Crea and Niccoli see a role for sterols other than cholesterol, since in PRECISE-IVUS lathosterol, campesterol and sitosterol and their ratio to cholesterol decreased with the combination therapy, but increased with monotherapy. “Interestingly, the campesterol-to-cholesterol ratio reduction was significantly and positively related to a reduction in PAV.” (…) “Only a prospective interventional trial to analyse the effects of plant sterol–enriched food on the incidence of cardiovascular events can exclude a potential cardiovascular risk linked with their excess.” The authors of the editorial also mention a possible role for other pleiotropic effects unrelated to cholesterol lowering and effects on reduction of cholesterol crystals in ezetimibe-related potentiation of plaque regression. They conclude by saying that “The molecular mechanisms driving the additional benefit of ezetemibe on plaque progression compared with statin monotherapy need to be further investigated.”

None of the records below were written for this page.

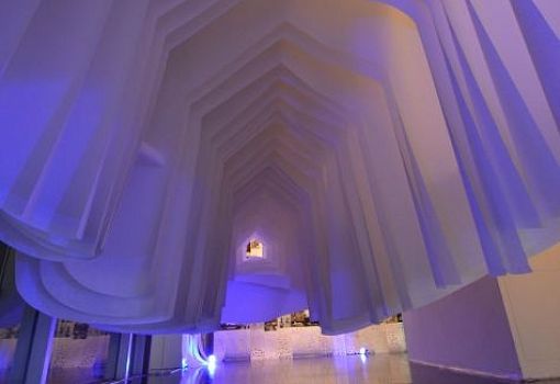 Инсталляция бюро Horiuchi Architecture, созданная из подвешенных в воздухе легких отрезов белоснежной бумаги, названа Fusionner 3.0. Объект искусственно ограничивает пространство, причем у проходящего сквозь этот своеобразный туннель человека создается иллюзия сродни той, что наблюдала Алиса в Стране чудес. Вход довольно просторный, однако пространство постепенно сужается и «перетекает» в маленькое окошко, которое, кажется, уводит в бесконечность.
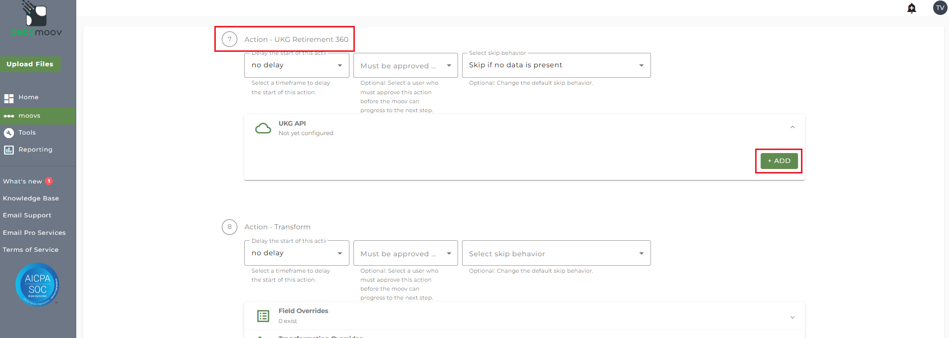 To configure the UKG Retirement 360 step for you client, locate the Action - UKG Retirement 360 step, expand the UKG API panel and click ADD.
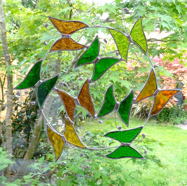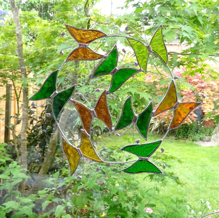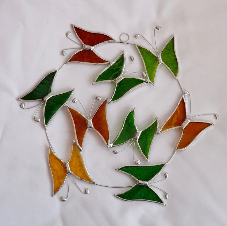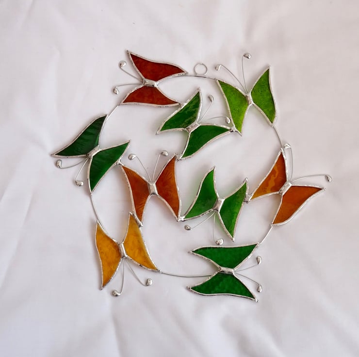 The wire circle is made from tinned copper wire with 6 butterflies attached and a further three in the middle. Each butterfly has been hand cut from beautiful stained glass so it will not fade in the sun, the glass is ground to take off any sharp edges, washed and foiled then tinned before the pieces being soldered together. The antenna are also made from tinned copper wire. A small ring and length of fishing line have been attached for hanging purposes.
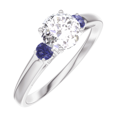 « L'ATELIER » Nº182463Inel Aur alb 18 carate - Diamante de laborator rotund 0.5 carate - Pietre laterale Safir albastru 4.9
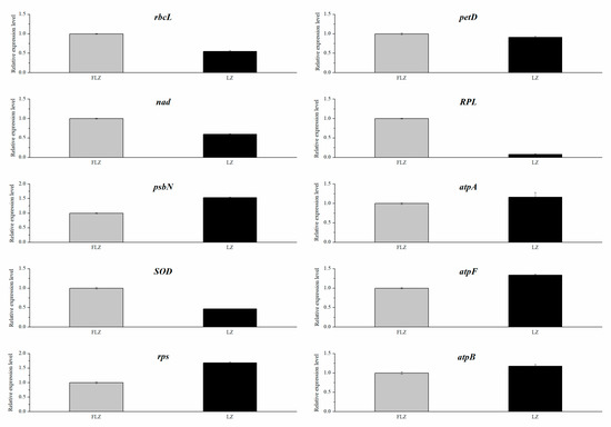 The proteome results were validated by analyzing the expression of ten genes related to stress responses using qRT-PCR. The results indicated that the expression level of the five up-regulated genes (RPS, psbN, atpA, atpB, and atpF) was significantly higher in the LZ group than in the FLZ group. However, as shown in Figure 5, LZ greatly inhibited the expression of the five downregulated genes (rbcL, nad, SOD, pet D, RPL), compared with the FLZ. In summary, the expression profiles of these genes from the qRT-PCR were consistent with that from the proteome, indicating that the proteome data were reliable and accurate.

1. Cannon C. IMPROVE-IT trial: a comparison of ezetimibe/simvastatin versus simvastatin monotherapy on cardiovascular outcomes after acute coronary syndromes. Presented at: Annual Scientific Sessions of the American Heart Association, Chicago, IL, November 17, 2014.
2. Crea F, Niccoli G. Ezetimibe and plaque regression: cholesterol-lowering or pleiotropic effects? J Am Coll Cardiol. 2015 Vol 66 (5): 508-10.